The main interface for this system will be via a mobile app. Users will choose the bus stop they want to go to and the bus stop they’re currently on. This is transferred to a server that then uses this information to estimate where the bus is and estimated time of arrival. It will then display the time of arrival to the user. If the server has no GPS device to collect readings from (no one is sharing their location or no one is on the bus) then it will failover to the established bus route schedule. Once the bus arrives and the user board the bus, the app will detect that the bus is in close proximity to the user and ask the user if they’re on the bus. If the user answers in the affirmative, then the app will start sending the location of the device to the server which will be used in further localizing the bus for other passengers waiting for the bus.

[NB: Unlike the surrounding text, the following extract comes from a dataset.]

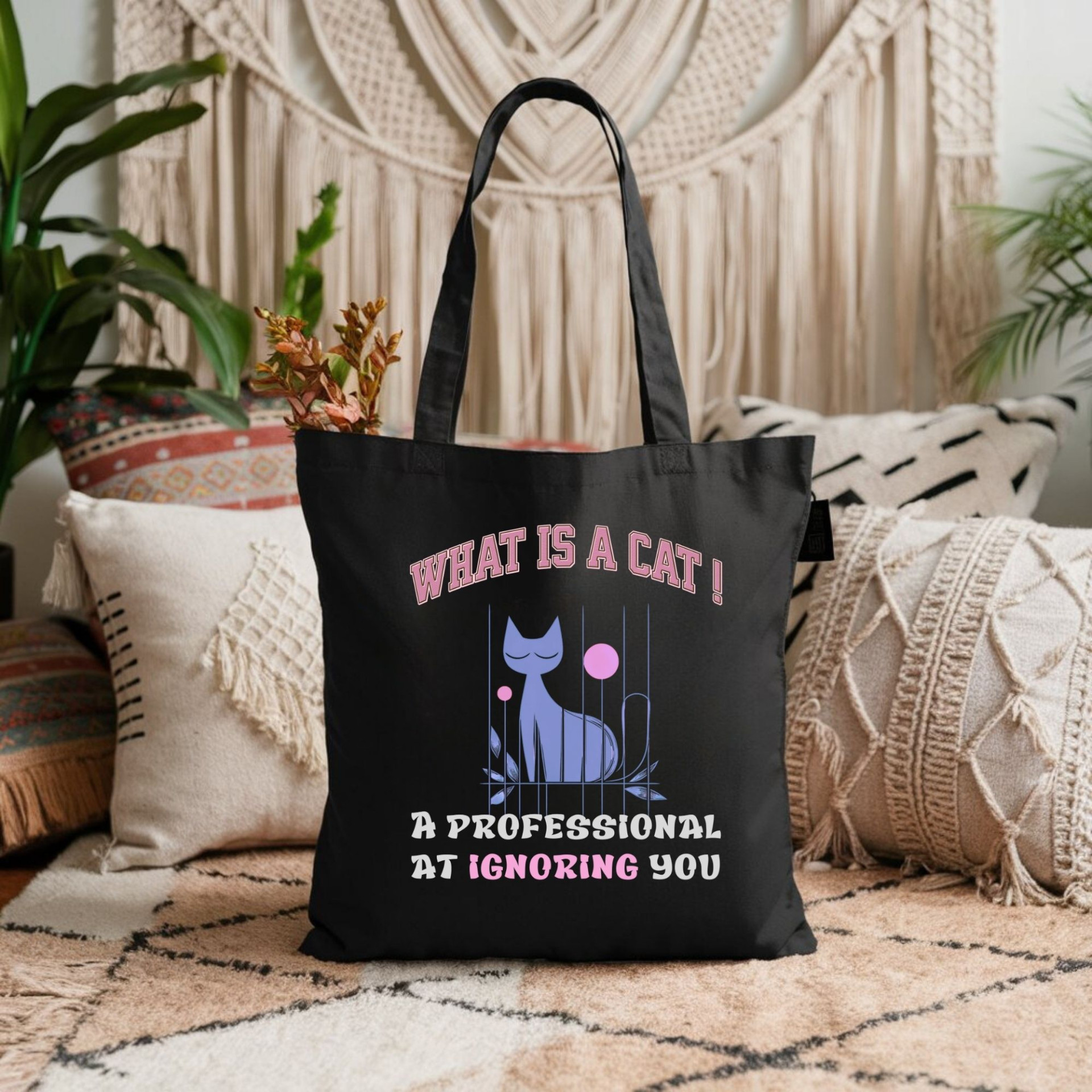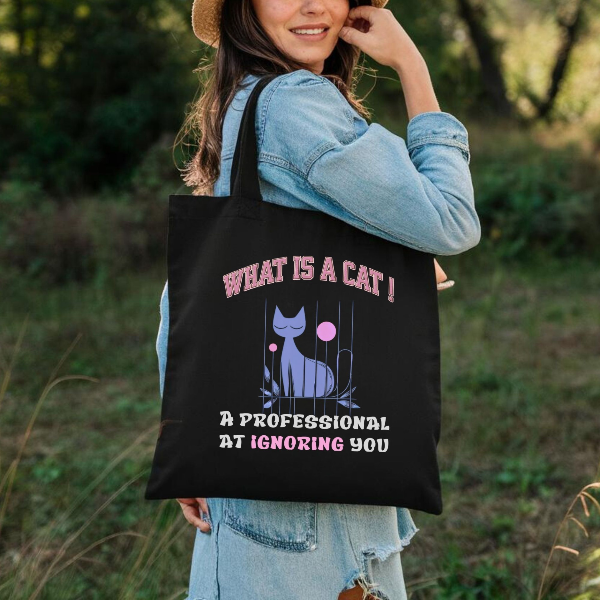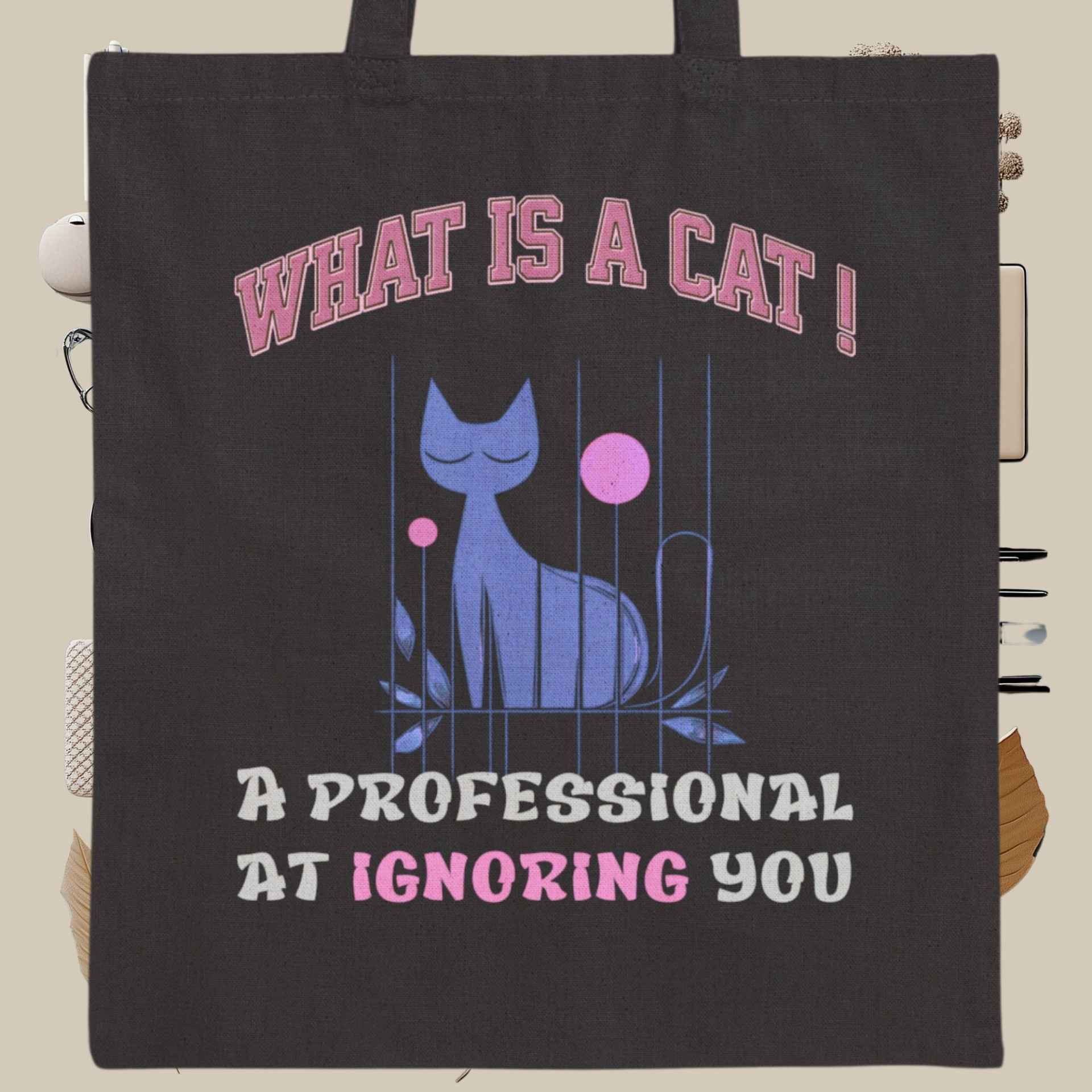 Embrace the humorous side of cat ownership with this tote bag that perfectly sums up a cat’s expertise: “A Professional at Ignoring You.” Designed for cat lovers who appreciate their feline friends' independent spirit, this tote is a fun and functional way to carry your essentials. Spacious and sturdy, it’s perfect for everyday use, adding a touch of cat-inspired humor to any outing.

Considerations and Limitations

There were a few issues we had to take into consideration when designing this system. The system was designed to track one bus, we have not tested the viability of tracking multiple buses using this system.

Conclusion

The tracking project provided a very practical approach to a real world problem that passengers experience when using public transportation. We learnt that by using crowd sourced GPS points and known GPS locations on the bus route we where able to transform a uniform probability distribution to solve the problem of estimating how long the bus will take to arrive. This solves a huge problem in the transportation industry. We have noticed pedestrians at bus stops checking their watch or running after a bus that was missed be seconds. Our approach is on a small scale but If transportation agencies used a larger approach to this project, then it would be beneficial to their customers and public opinion of the agency. This project determined the solution is viable and proposed a more accurate, low cost estimation system primarily for passengers.